Although the Shang probably had a small standing army, typical campaigns required levies of three or five thousand men, usually provided and led by lineage leaders.

The king might lead the army in person, or send one of his generals. Sometimes the Shang would attack together with allies.
Divinatory inscriptions concerning planned military campaigns use the verb 'order' (令 líng) for local leaders under the direct control of the king and a different verb 'join with' or '(cause to) follow' for more distant allies. (Note: Authors differ on the reading of the character involved.) Although the Shang depended upon the military skills of their nobility, Shang rulers could mobilize the masses of town-dwelling and rural commoners as conscript laborers and soldiers for both campaigns of defense and conquest. Aristocrats and other state rulers were obligated to furnish their local garrisons with all necessary equipment, armor, and armaments. The Shang king maintained a force of about a thousand troops at his capital and would personally lead this force into battle.

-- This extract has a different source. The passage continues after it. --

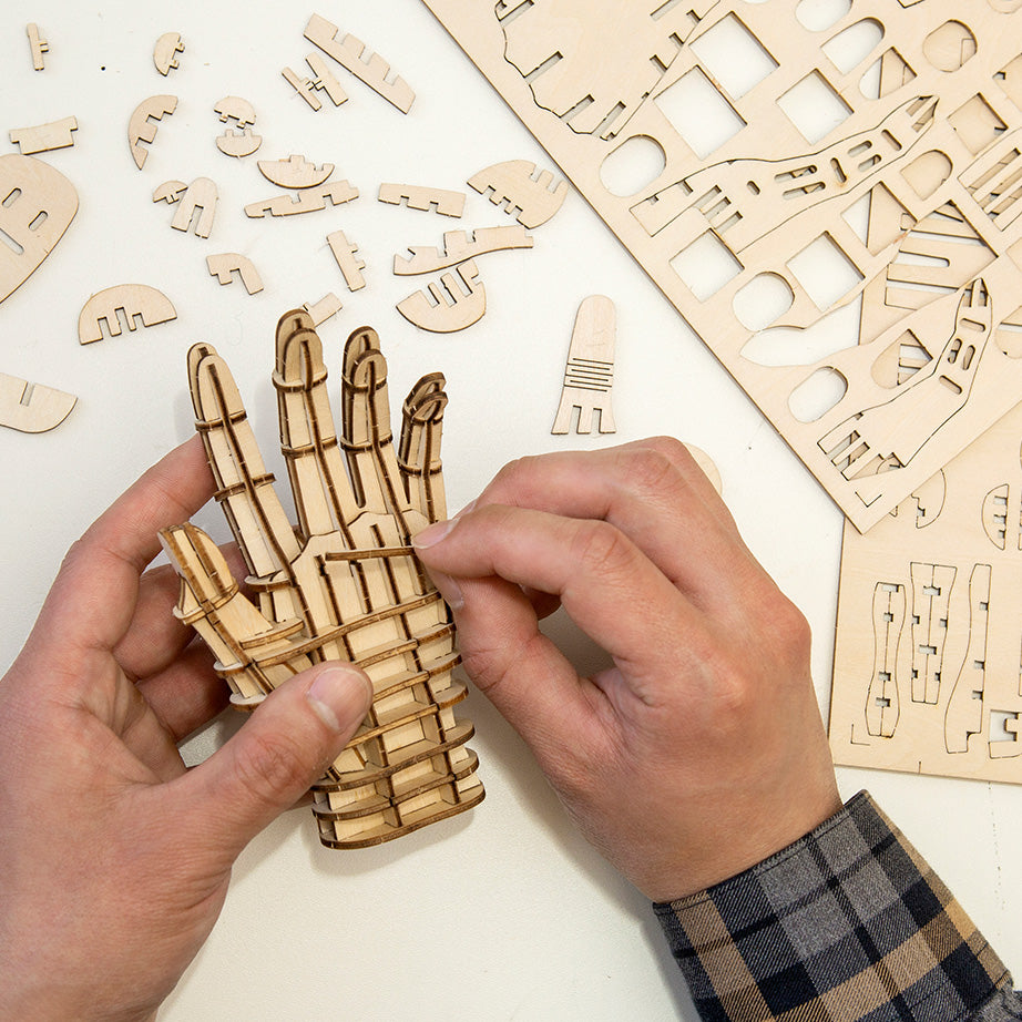 Create a Hand or Skull with Kikkerland's 3D Wooden Puzzles. Fit the laser cut pieces together – no tools or glue necessary – to create sculptures you'll be proud to display.
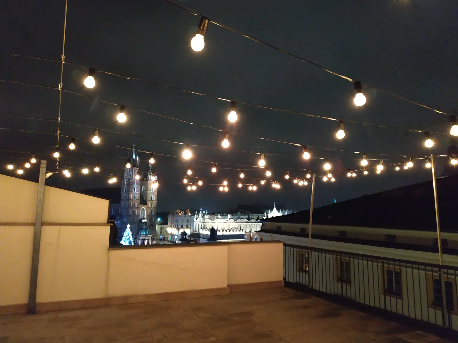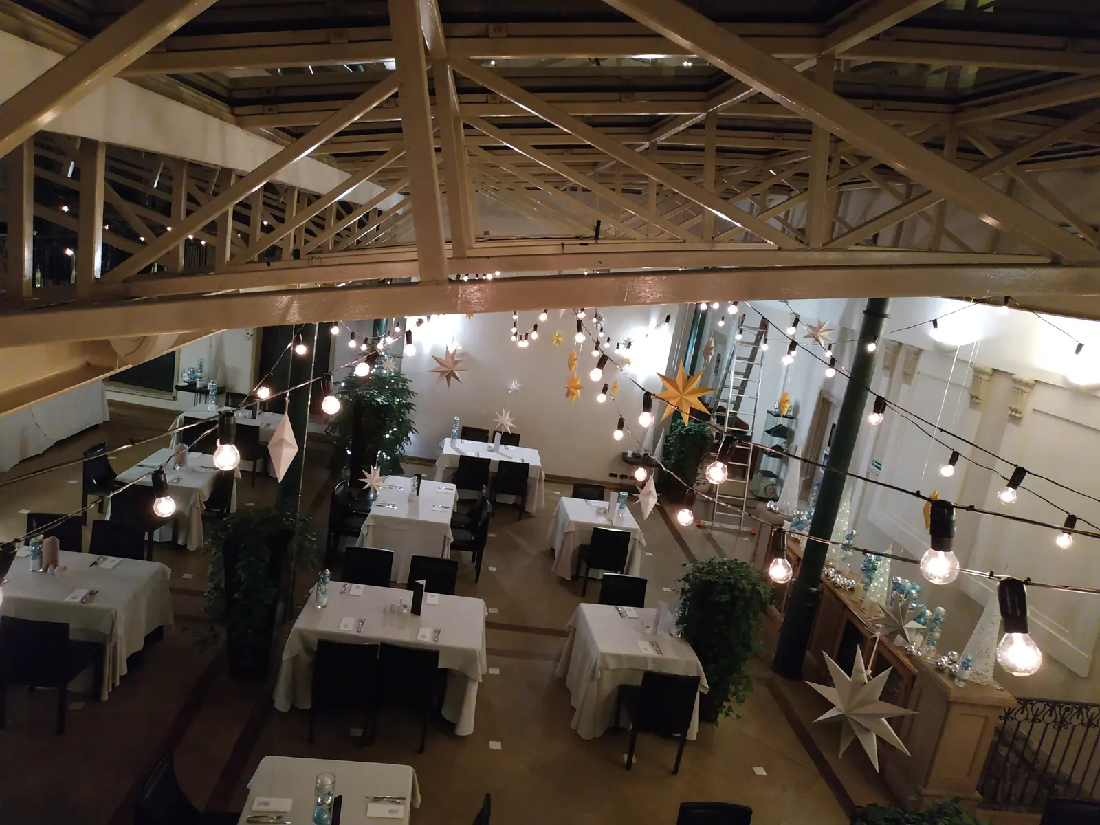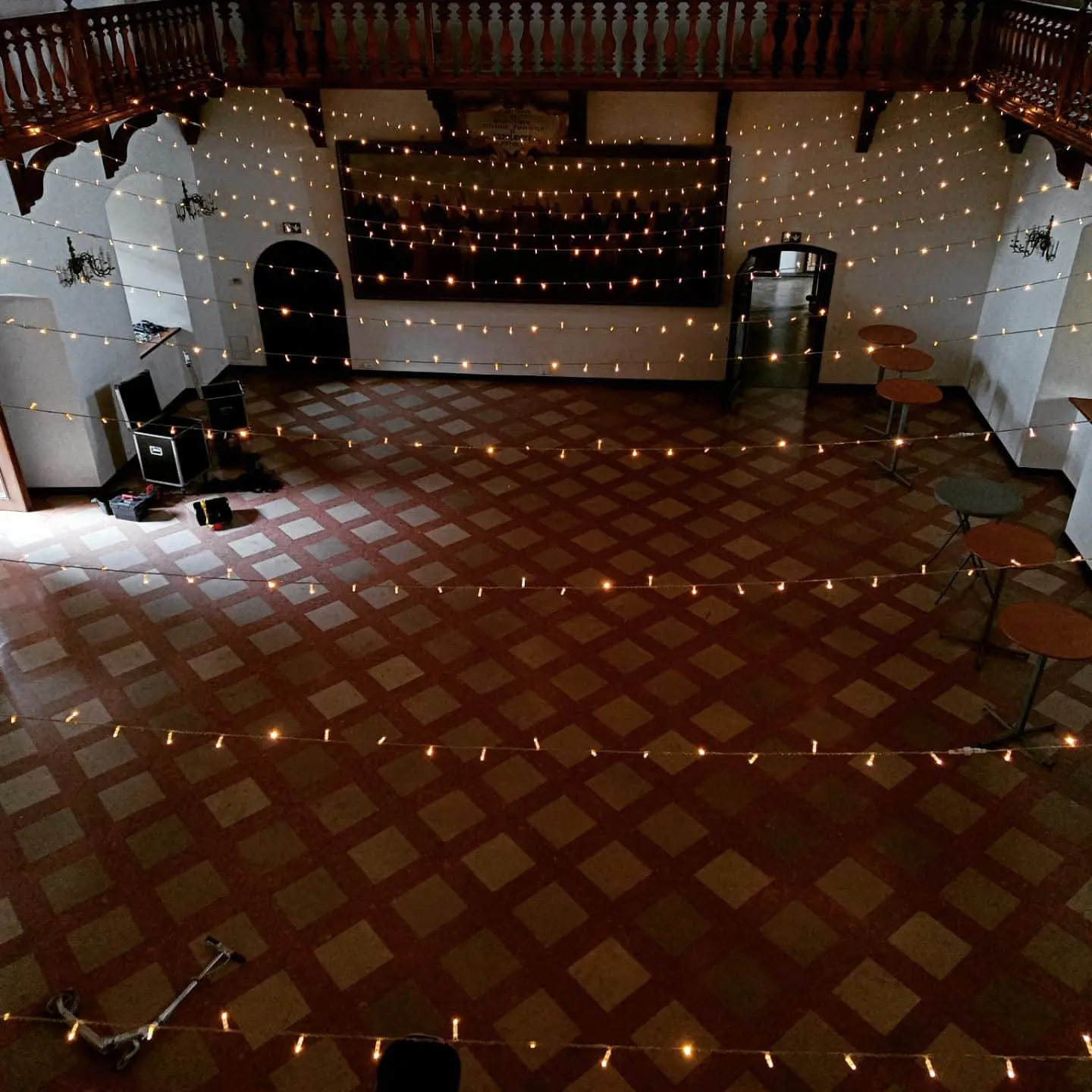 Jedna z wcześniejszych realizacji montażu girland w przestrzeni o bardziej zabytkowym charakterze.

Beyond their central domains, Shang kings maintained their networks of subordinates and allies through a series of military campaigns. Campaigns and raids also supplied captives to be sacrificed in Shang rituals.

===Royal forces===

Military affairs carried a high priority in the Shang dynasty and the Shang elite was a warrior class led by clan-based chiefdoms. Martial values and robust physical activity were necessities of Shang culture. Like warrior classes elsewhere, land was granted by the king in reward for military success and was rescinded in the event of failure. Even the last Shang emperor Xin, who was supposedly decadent, still had a reputation for great physical fighting ability. Contrary to the pacifistic assumptions of later scholars writing about the Shang, the Shang clearly viewed the military as paramount and civilian functions as subordinate. The Shang kings took on the roles of Commander-in-chief, Defence minister, as well as field commander, while royal family members, members of other noble clans, and high officials were also delegated battlefield command. Like the ancient Greeks, the Shang relied on divination to make decisions regarding military action. Shi, or army, was already a distinct unit, and this was also used as a prefixed title to designate generals. Lü or brigade was also a common combat unit, and so did hang or line. Battlefield armies were organised into left, right and center. Specialisation of military appointments was already evident under the Shang dynasty. Shi zhang or leader of the armies, may have been a functional title in the later period, where military organisation had become very formalised. There were clearly defined posts such as the ma (horse), ya (commander), fu (“quiver”), she (archer), wei (protector), ch’üan (dog), and shu (border protection), prefixed with tuo (many), indicating higher status and mou for “planning”. The discovery of multiple chariots in graves as well as tombs consisting entirely of horses and chariots demonstrate that the chariot was used in battle and not just prestige transport. The horse officers seemed to be particularly valued and played a prominent command role due to the importance of the horse in warfare.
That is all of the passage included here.